DATA SEGMENT —
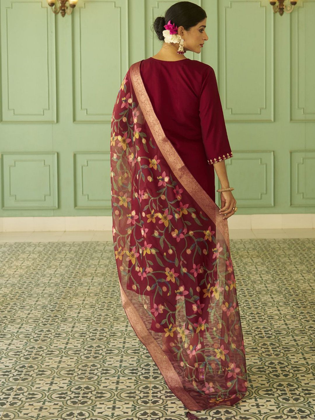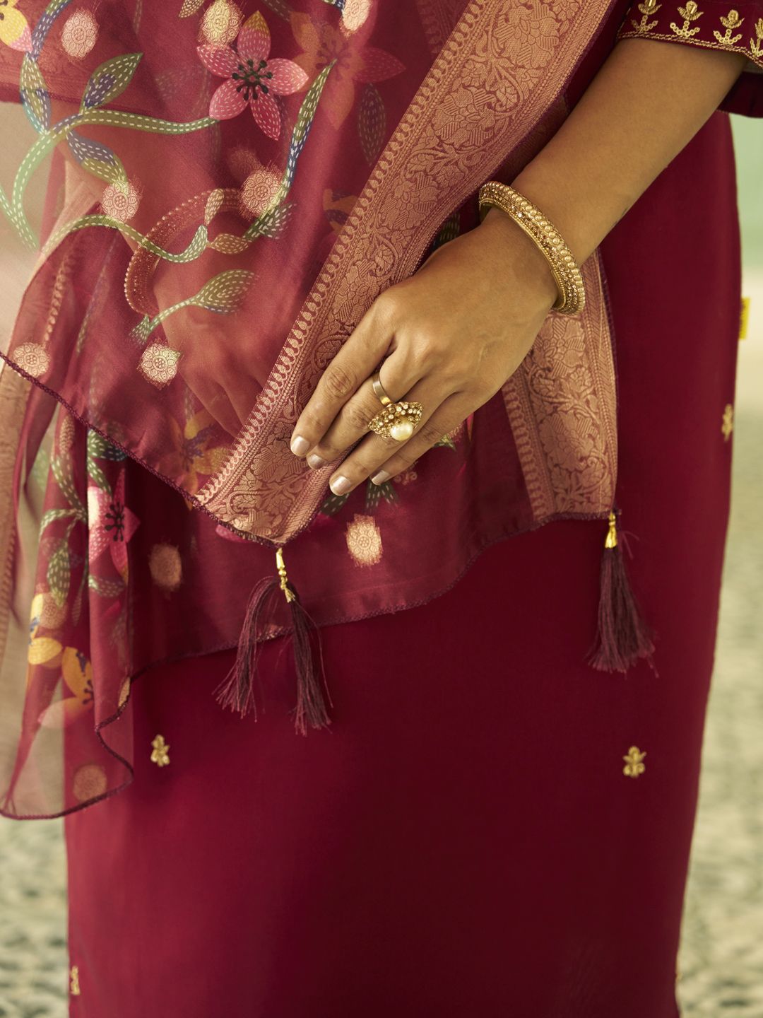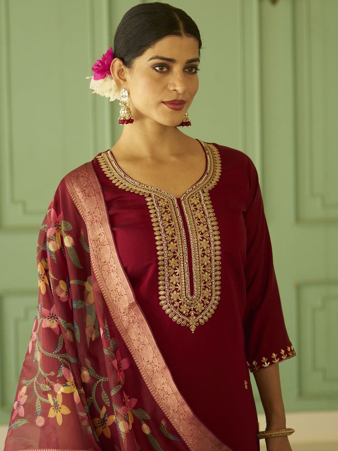 VredeVogel Women's Embroidered Silk Blend Kurta Pant Set with Dupatta
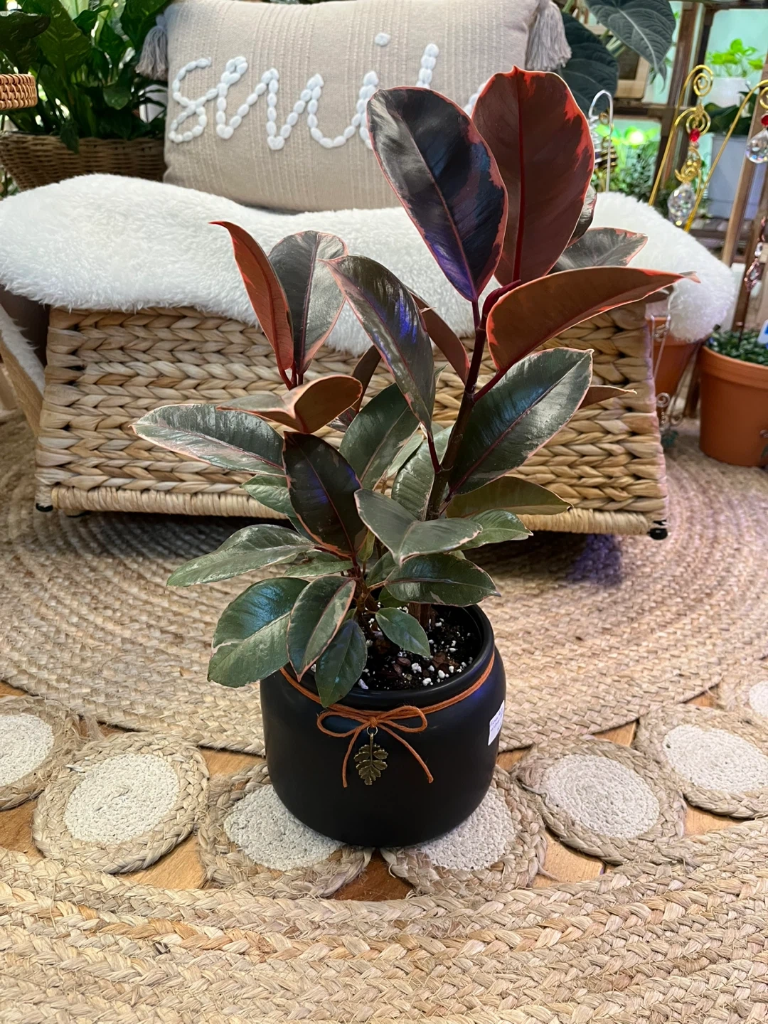 Beautiful Ficus Elastica Ruby plant that features striking dark green leaves with vibrant ruby red edges. It comes in a 5β nursery pot as well as the decorative black ceramic pot with a leaf charm seen in pic.
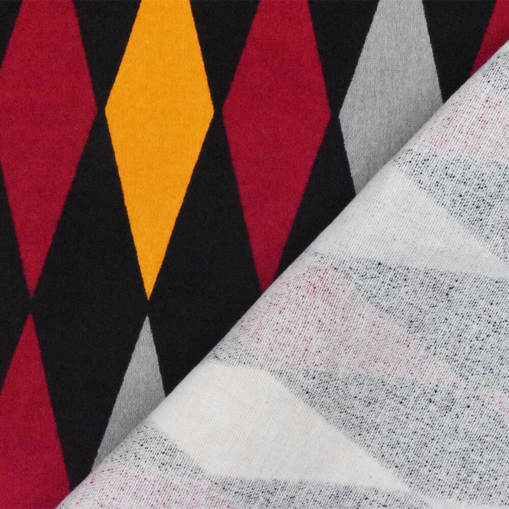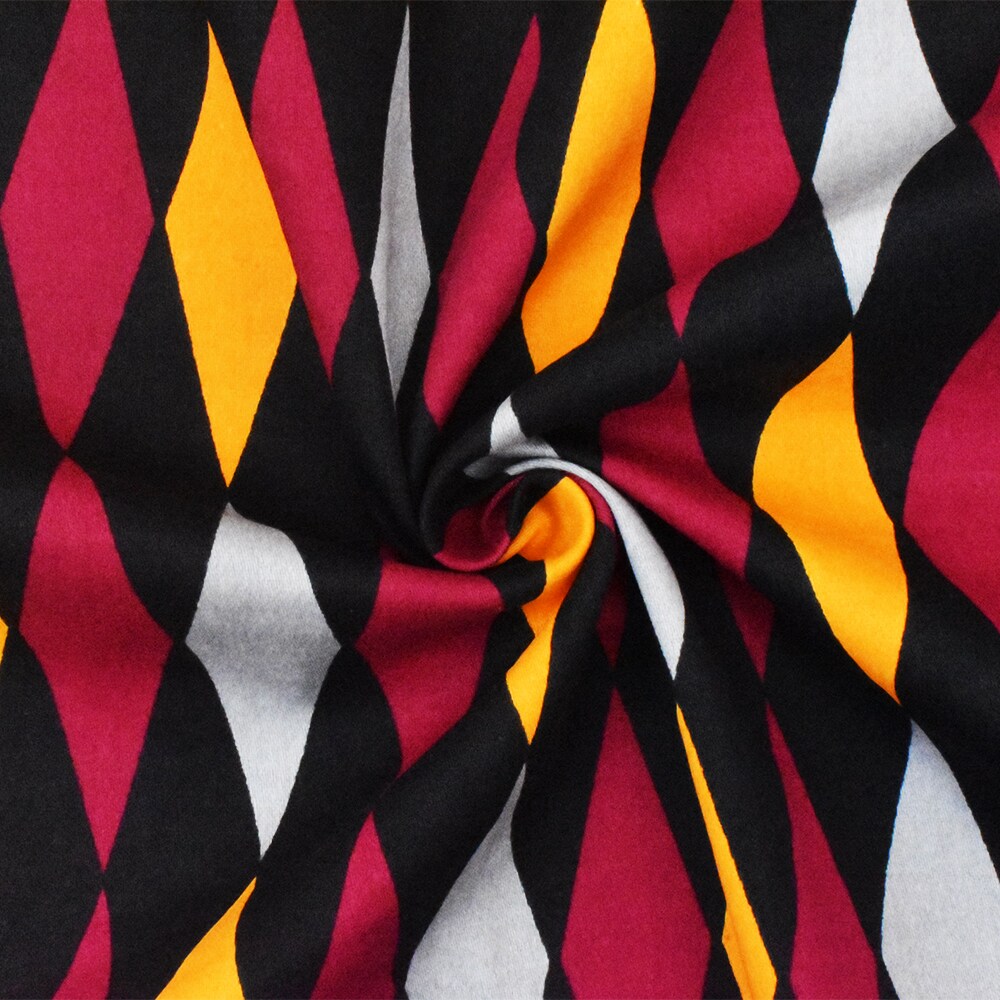Red-Black-Multi Diamond Printed Stretch Cotton Spandex Twill Sateen Fabric By the Yard

GOAL OF THE EXERCISE —
Pictures aside, the material must be written out word for word.

OUTPUT OF THE EXERCISE —
 VredeVogel Women's Embroidered Silk Blend Kurta Pant Set with Dupatta
 Beautiful Ficus Elastica Ruby plant that features striking dark green leaves with vibrant ruby red edges. It comes in a 5β nursery pot as well as the decorative black ceramic pot with a leaf charm seen in pic.
Red-Black-Multi Diamond Printed Stretch Cotton Spandex Twill Sateen Fabric By the Yard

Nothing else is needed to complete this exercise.